(Data extracted from a collection)
━━━━━━━━━━
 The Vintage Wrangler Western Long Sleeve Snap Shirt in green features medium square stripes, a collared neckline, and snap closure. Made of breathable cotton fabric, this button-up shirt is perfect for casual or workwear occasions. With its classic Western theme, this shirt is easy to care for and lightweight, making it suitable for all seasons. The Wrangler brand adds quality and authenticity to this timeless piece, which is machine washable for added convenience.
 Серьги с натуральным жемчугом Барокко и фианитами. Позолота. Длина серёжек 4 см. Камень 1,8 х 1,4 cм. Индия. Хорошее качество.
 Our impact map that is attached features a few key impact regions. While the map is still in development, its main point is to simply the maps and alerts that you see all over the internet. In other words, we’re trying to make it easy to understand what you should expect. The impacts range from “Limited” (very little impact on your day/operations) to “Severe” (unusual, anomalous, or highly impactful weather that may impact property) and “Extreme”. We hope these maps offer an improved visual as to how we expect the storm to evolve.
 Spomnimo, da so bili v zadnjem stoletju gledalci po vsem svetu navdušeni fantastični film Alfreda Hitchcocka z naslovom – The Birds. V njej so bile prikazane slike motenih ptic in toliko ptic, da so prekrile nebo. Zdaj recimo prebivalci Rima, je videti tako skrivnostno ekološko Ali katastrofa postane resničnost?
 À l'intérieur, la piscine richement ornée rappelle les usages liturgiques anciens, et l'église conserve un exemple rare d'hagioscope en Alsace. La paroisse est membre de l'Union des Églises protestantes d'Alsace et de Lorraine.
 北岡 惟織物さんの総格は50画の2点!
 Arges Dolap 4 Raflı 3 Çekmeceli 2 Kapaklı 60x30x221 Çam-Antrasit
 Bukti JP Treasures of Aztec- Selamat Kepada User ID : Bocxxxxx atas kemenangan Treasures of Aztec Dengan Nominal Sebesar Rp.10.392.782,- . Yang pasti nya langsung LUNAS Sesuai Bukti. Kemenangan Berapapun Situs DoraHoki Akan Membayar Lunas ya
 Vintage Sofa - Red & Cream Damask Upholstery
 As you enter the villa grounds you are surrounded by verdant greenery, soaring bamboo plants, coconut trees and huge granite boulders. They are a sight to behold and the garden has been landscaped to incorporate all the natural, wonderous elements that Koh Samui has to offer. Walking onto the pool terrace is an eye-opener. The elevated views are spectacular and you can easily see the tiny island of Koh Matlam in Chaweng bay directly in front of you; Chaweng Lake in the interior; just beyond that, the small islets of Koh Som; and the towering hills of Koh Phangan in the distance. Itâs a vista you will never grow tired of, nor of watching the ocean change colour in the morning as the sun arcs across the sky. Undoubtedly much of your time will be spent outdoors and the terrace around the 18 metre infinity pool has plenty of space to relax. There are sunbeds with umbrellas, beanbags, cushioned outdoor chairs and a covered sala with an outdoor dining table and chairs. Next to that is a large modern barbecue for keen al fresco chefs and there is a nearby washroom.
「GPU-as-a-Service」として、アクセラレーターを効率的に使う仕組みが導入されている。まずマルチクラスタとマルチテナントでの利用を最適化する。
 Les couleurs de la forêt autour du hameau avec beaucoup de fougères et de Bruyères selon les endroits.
━━━━━━━━━━
WHAT YOU SHOULD DO:
The result is a copy of every line above where the word "Vintage" shows up.

REPLY TO THE EXERCISE:
 The Vintage Wrangler Western Long Sleeve Snap Shirt in green features medium square stripes, a collared neckline, and snap closure. Made of breathable cotton fabric, this button-up shirt is perfect for casual or workwear occasions. With its classic Western theme, this shirt is easy to care for and lightweight, making it suitable for all seasons. The Wrangler brand adds quality and authenticity to this timeless piece, which is machine washable for added convenience.
 Vintage Sofa - Red & Cream Damask Upholstery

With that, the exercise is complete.